### [What you have to do]
Reproduce the data below exactly as written. Pictures do not belong in the copy.

### [Records to use]
——

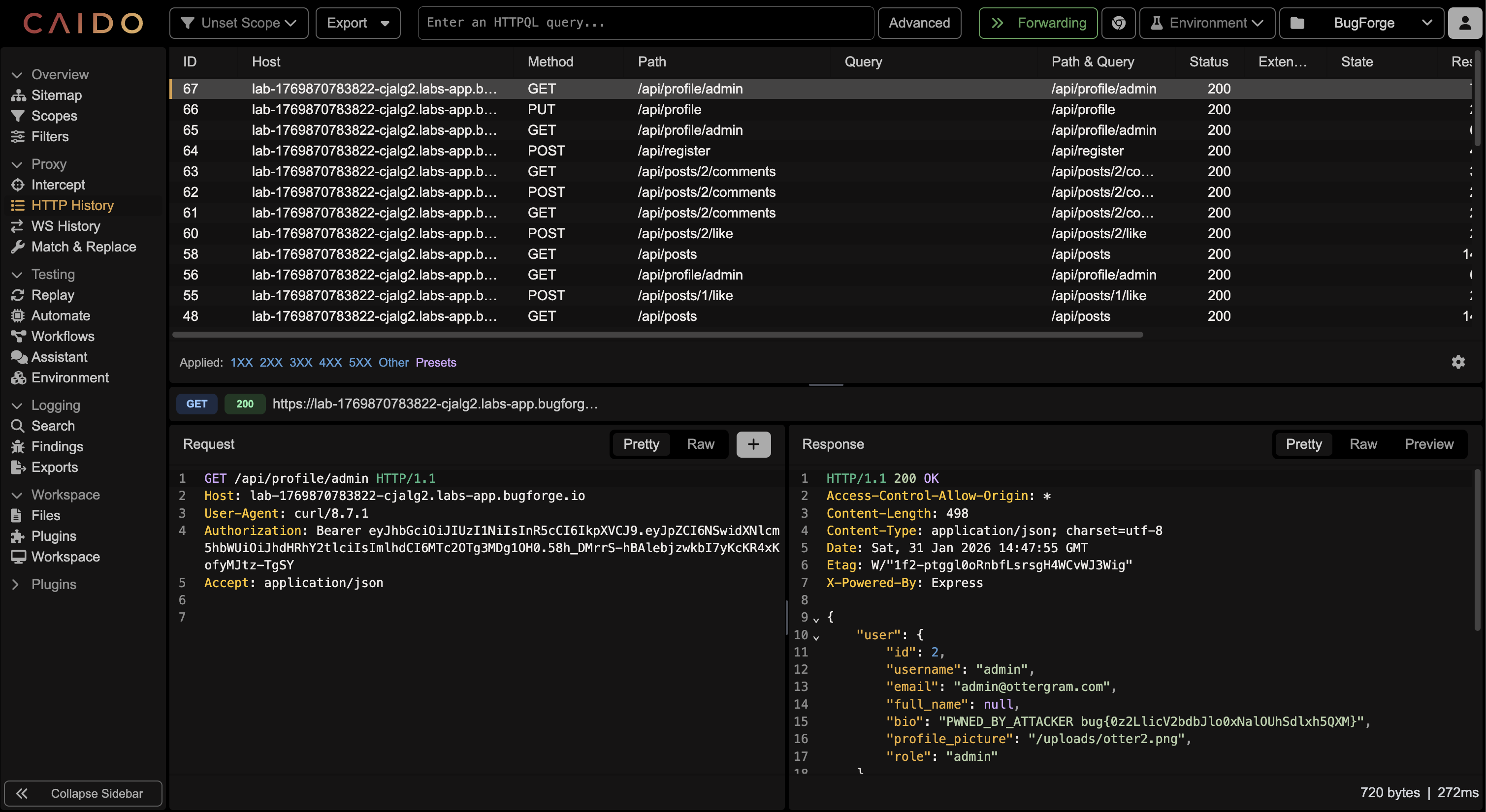 ⏺ caido - caido_send_request (MCP)(raw: "GET /api/profile/admin HTTP/1.1\nHost: lab-1769869490510-qc54ar.labs-app.bugforge.io\nAuthorization: Bearer
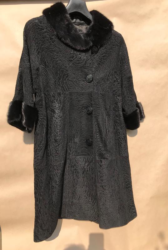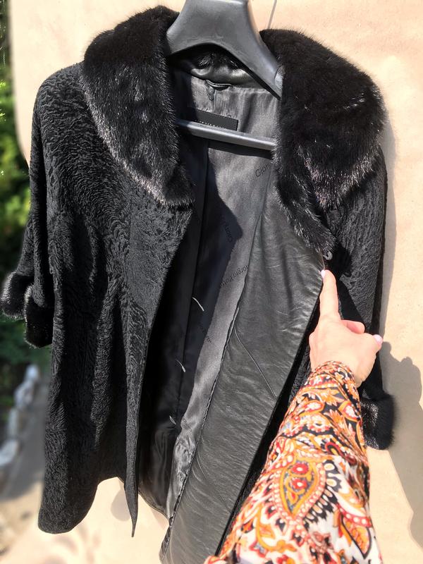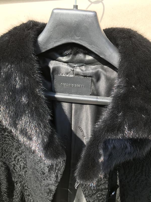 Шуба Giorgio Rotti. Модель тип Шанель. Виріб з хутра Каракульчі, комір та рукава оздоблені хутром Норки. Хутро Каракульчі робить виріб легким , теплим і разом з терморегулируемым. Розмір 44-46.
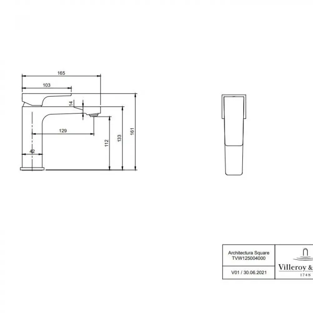 Смеситель Villeroy & Boch Architectura Square TVW125004000K5 для раковины, черный матовый
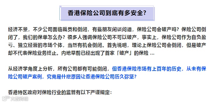 最近客户咨询香港保险比较多,有些客户比较关心香港保险公司的安全性的问题,这里和大家做一个总结分享。
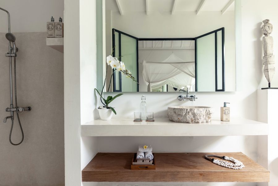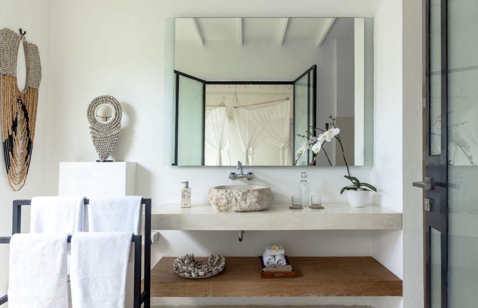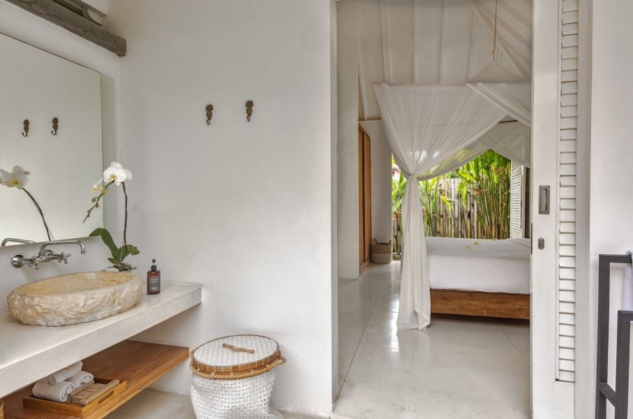 - Les chambres 1 et 2 de la villa principale sont adjacentes au salon et disposent d’une salle de bain en-suite avec douche de pluie intérieure et extérieure
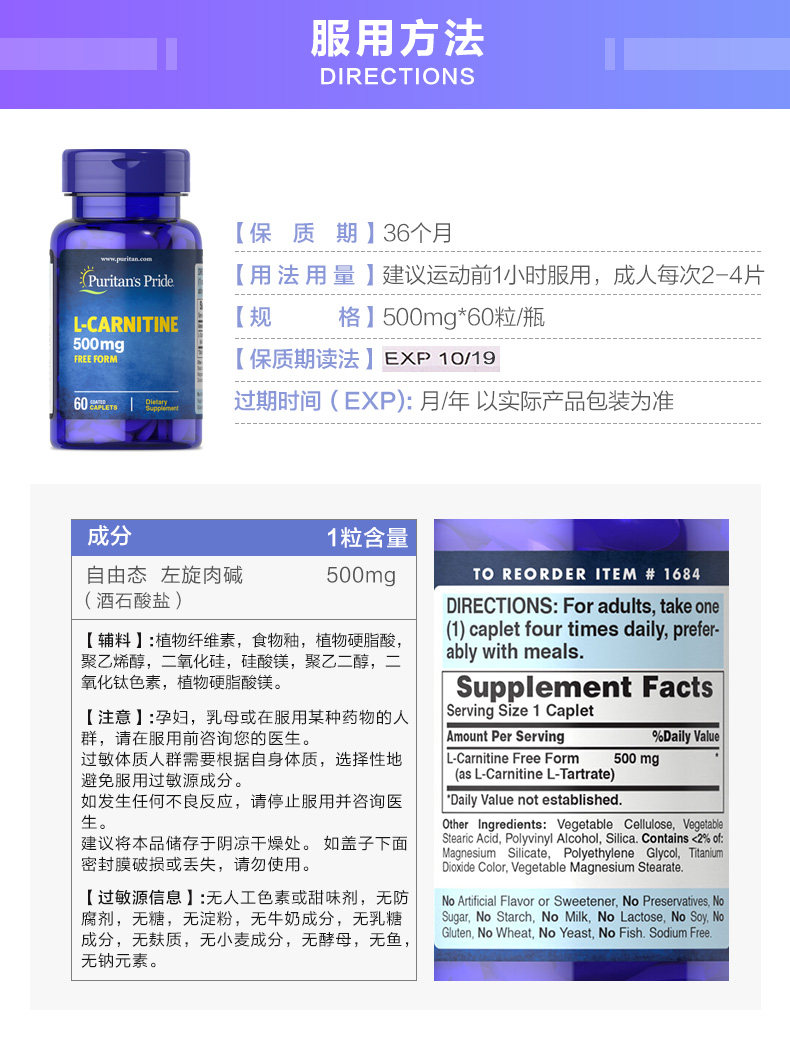 [В период Spike] Prinhe Imported L -Карнитин 500 мг*60 капсул в Соединенных Штатах

——

### [Exercise output]
 ⏺ caido - caido_send_request (MCP)(raw: "GET /api/profile/admin HTTP/1.1\nHost: lab-1769869490510-qc54ar.labs-app.bugforge.io\nAuthorization: Bearer
 Шуба Giorgio Rotti. Модель тип Шанель. Виріб з хутра Каракульчі, комір та рукава оздоблені хутром Норки. Хутро Каракульчі робить виріб легким , теплим і разом з терморегулируемым. Розмір 44-46.
 Смеситель Villeroy & Boch Architectura Square TVW125004000K5 для раковины, черный матовый
 最近客户咨询香港保险比较多,有些客户比较关心香港保险公司的安全性的问题,这里和大家做一个总结分享。
 - Les chambres 1 et 2 de la villa principale sont adjacentes au salon et disposent d’une salle de bain en-suite avec douche de pluie intérieure et extérieure
 [В период Spike] Prinhe Imported L -Карнитин 500 мг*60 капсул в Соединенных Штатах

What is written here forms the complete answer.